Lauren: I thought I’d just draw on an example of something that I’ve done. And what I was talking about on LinkedIn was my personal values, which I only discovered this year, because it is a little bit of kind of introspection, and it can be a little bit challenging to do that. So, one of mine, for example, is contribution. Another one is growth. And another one is compassion. So hopefully, you can already see how those three things link to Yellow Eve. I’m very passionate about helping other people grow. And I’m very, very passionate about being compassionate. I suppose there’s a lot of passionate words in there, about supporting and about creating a community.
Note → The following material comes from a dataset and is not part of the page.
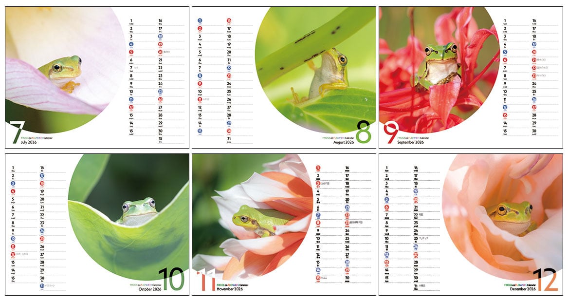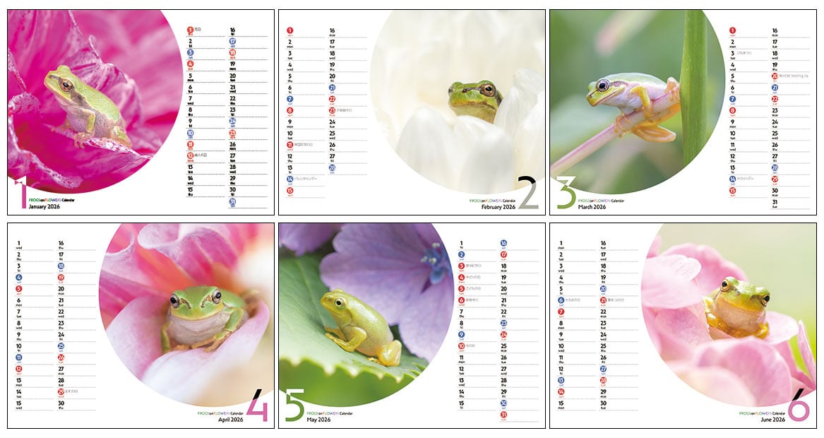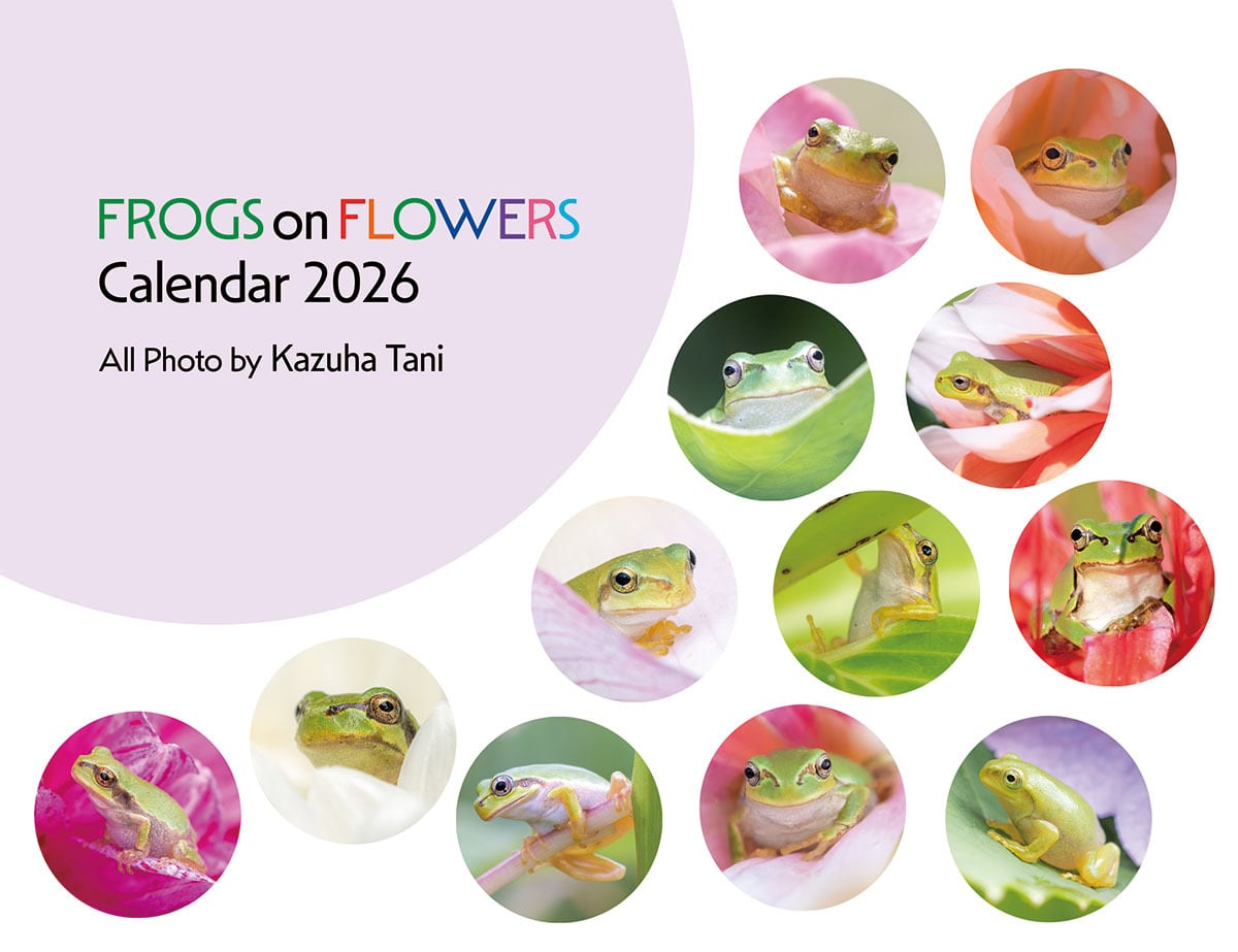 カエルと花が生み出す偶然の情景を撮影するフォトグラファー・谷和葉による卓上カレンダー・2026年版です。

And all of these things make me happy during this training session today, it makes me incredibly happy, introducing people to one another who can then go and support each other, like that makes me happy, because that’s all about growth, contribution and compassion. So I just thought I’d give an example of my values and how my work is values aligned.
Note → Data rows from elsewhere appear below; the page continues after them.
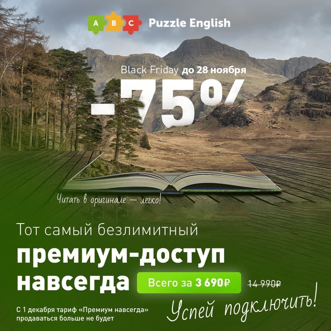 В отличие от многих, у Puzzle English наступила НАСТОЯЩАЯ чёрная пятница: премиум-доступ навсегда со скидкой 75%! Все функции сервиса по цене, которой раньше никогда не было и больше не будет. Этот тариф прекратит своё существование уже в декабре.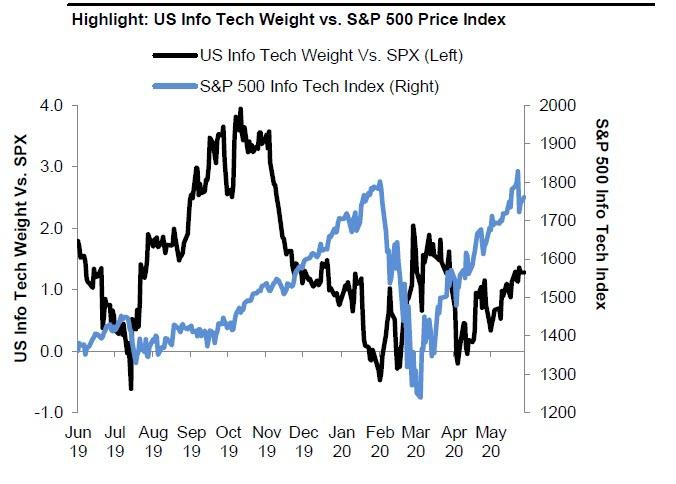 同样不足为奇的是,信息技术板块是净买入最多的板块,多头买入与卖空的比例为1:8:1。在该板块,软件和半导体板块出现净买入,而信息技术服务和通信设备板块出现净卖出。该板块相对于标准普尔500指数的权重上升了0.2个百分点至+1.5%(第64个百分位)。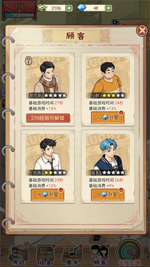 4、点顾客按钮能查看已解锁角色,用钻石升星可提高收益。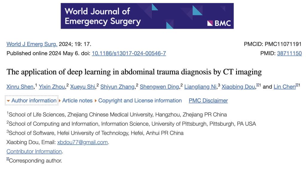 近日,MK体育窦晓兵教授团队在中科院1区TOP期刊《World Journal of Emergency Surgery》(IF:8.0,JIF排名:1/32)发表了题为《The application of deep learning in abdominal trauma diagnosis by CT imaging》的研究论文。在本研究中,团队开发了一种基于深度学习的新型辅助诊断方法,以期通过快速识别的腹部器官,定位损伤器官,进而实现快速的诊断识别,并能够识别潜在的脏器出血。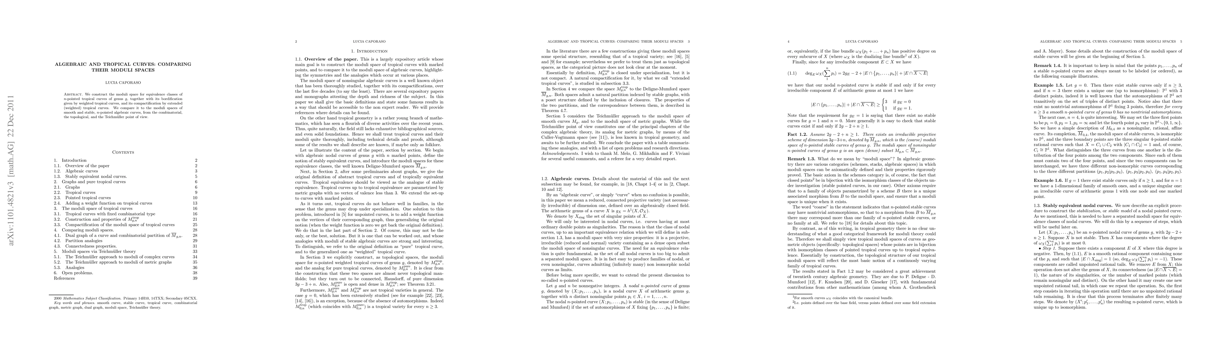 This paper constructs and compactifies the moduli space for tropical curves, then compares it to moduli spaces of algebraic curves from combinatorial, topological, and Teichmüller perspectives. The work is expository and extends previous results from a related preprint.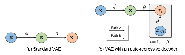 Figure 1: Illustration of information flows on (a) one path in a standard VAE, and (b) two paths in a VAE with an auto-regressive decoder.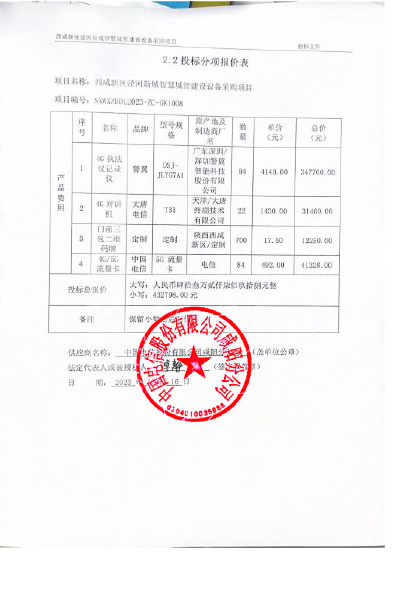 | 1 | 执法记录仪 | 4G执法记录仪、4G对讲机、二维码牌、4G/5G流量SIM卡 | 警翼、大唐电信 | 4G执法记录仪84台、4G对讲机22台、门前三包二维码牌700个、4G/5G流量SIM卡84个 | 1.00(台) | 432,798.00 | 432,798.00 |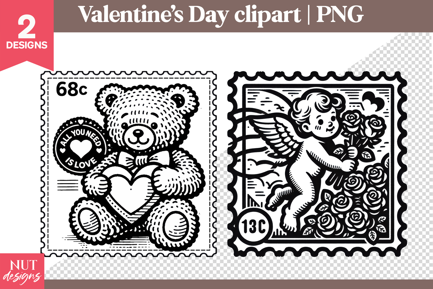 This Retro Valentine Stamp Clipart PNG set features two charming black-and-white designs—a sweet teddy bear holding a heart with “All You Need Is Love” and a flying cupid delivering roses. With bold vintage styling and detailed linework, these printable stamp illustrations are perfect for Valentine’s Day crafts, cards, mail-themed designs, and romantic decor. Ideal for crafters and designers looking to add nostalgic charm to their love-themed projects.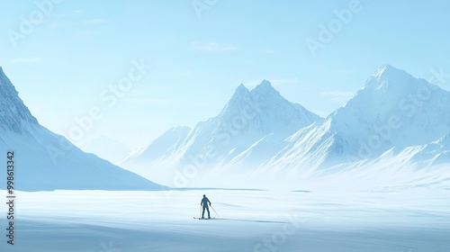 A skier gliding effortlessly across a wide open snowfield, with distant mountain ranges and clear skies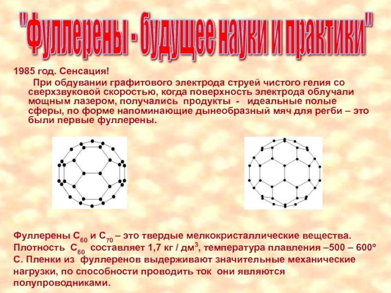 Фуллерены С60 и С70 – это твердые мелкокристаллические вещества. Плотность С60 составляет 1,7 кг / дм3, температура плавления –500 – 600º С. Пленки из фуллеренов выдерживают значительные механические нагрузки, по способности проводить ток они являются полупроводниками.
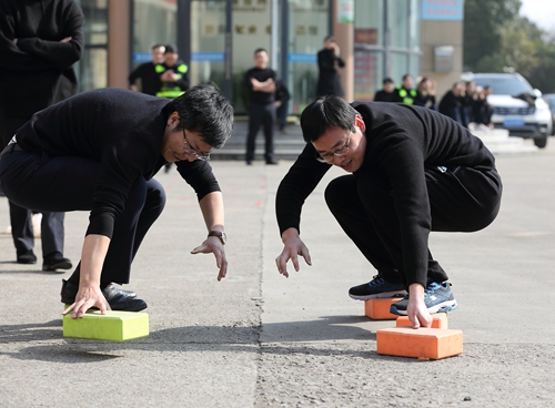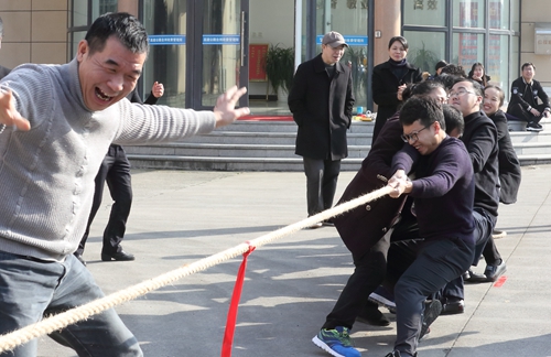 本次活動分團隊賽和個人單項賽,團隊賽包括“二龍戲珠”“背靠背”“集體跳繩”“拔河”4個項目;個人單項賽由“摸石過河”“夾乒乓球”“跳繩”“定點投籃”“俯臥撐”“仰臥起坐”6個項目組成。每個賽場氣氛活躍,加油聲、喝彩聲此起彼伏。其中拔河比賽最為熱鬧,參賽隊員個個緊握長繩,蓄勢待發(fā),隨著裁判的一聲哨響,他們在“一二三”的口令聲中卯足勁、齊發(fā)力,場邊助威聲響成一片。在“摸石過河”比賽中,身體的任何部位不得直接觸碰除河石之外的支撐物,該項目著重在手腳配合,在“河中”巧妙地移動石頭,直至到達終點。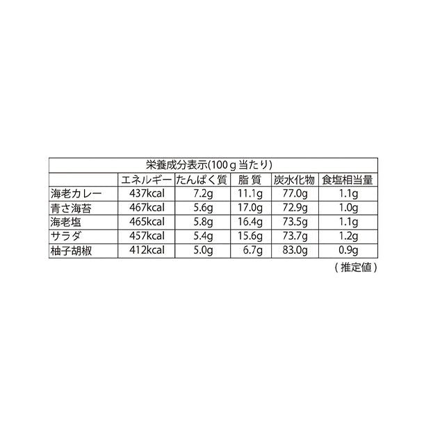 磯の香りひろがる青さ煎餅と、柚子が香るスパイシーな柚子胡椒煎餅、海老とカレーが癖になる海老カレー煎餅、サクッとソフトなサラダ煎餅、焼き上げた海老が香ばしい厚焼きの海老煎餅の詰合せです。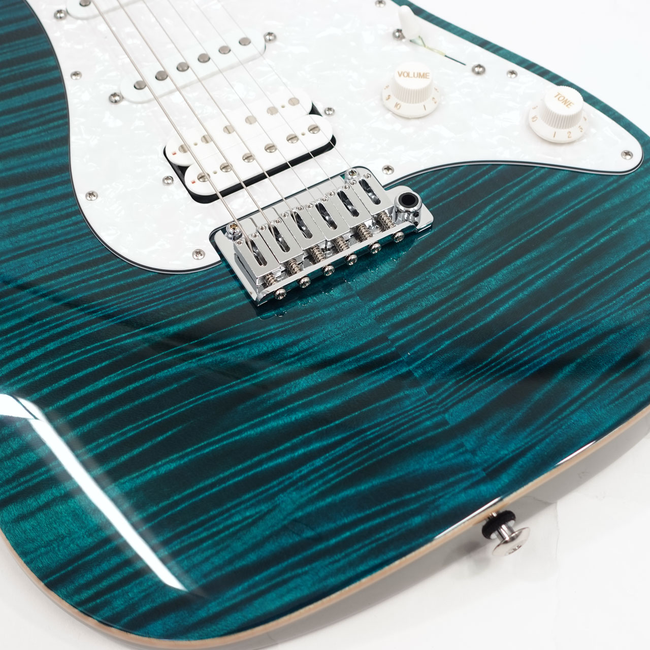 定番のフレイムメイプルトップ/バスウッドボディのコンビネーションに気温や湿度の変化に対する強い耐性、そして特有の鳴りも持ち合わせるローステッドメイプルネックを採用。指板にはパーフェローを採用したコンパウンドラジアス仕様。ヘッドストックにもフレイムメイプルトップをあしらったマッチングヘッド仕様です。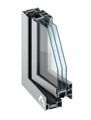 Wide glazing range with 2- or 3-pane glass packages, with thicknesses up to 63 mm for windows and up to 54 mm for doors, allowing the use of all types of glass, including acoustic or anti-burglary glass.

Natasha: That’s great. Thank you, Lauren. It kind of just goes to show one feeds the other. So, knowing your values allows you to make the decisions and design Yellow Eve in a way that reflects your values and keeps you happy. But it also helps you make decisions on other things. And is there anyone that would like to share? Maybe an instance where knowing your values or how you’ve been able to reflect your values in your work or realise when they’re not reflected in work?

Yellow Eve member shares experience

Natasha: And so that’s a great kind of example of how, you know, making decisions and checking into your values. And actually using that as a kind of a reference point or a driver of the decisions you might be making as you continue to think about your future of work and your future career can increase the chances quite significantly of you being happy, sustainably happy with those choices.

So, the second question is, how is your work maximising your strengths? How is your work maximising your strengths and focusing on strength, and what you’re really good at? Does it do great things for your confidence, for resilience? Because there’s a lot of positivity that comes out of working on something that you are really good at. And these might be, you know, skills that you’ve gained, or it might be your natural talents, whatever they are, whatever, you are strong, and you get feedback from other people on what you’re really good at.

Think about how you can use your strengths more. And there’s also a sense of agency in this, you know, taking some control over this. How could you either develop them further? How could you create more value from them? How could you create more value for yourself or for your team, or for your project or for your organisation by using your strengths?

And think outside of the job description here. And whether this is about job crafting and adjusting your job or just going in and saying, ‘I’d really like to contribute to this, which is not in my job description. But I’m really good at this. And I’d like to do that.’ Think about how you can expand the use of your strengths. How can you extend the reach of your strengths?

If you’re not sure what your strengths are, it’s a great chance to ask other people. I, normally when I work with my coaching on this, I will suggest five, you know, five people and go and ask them, and have a mix of people that you work with or have worked with and a friend and a family member to get kind of all parts of your life. But you know, just ask some simple questions like, what am I really good at? What do you come to me for before you go to other people? That was a question that was really interesting for me.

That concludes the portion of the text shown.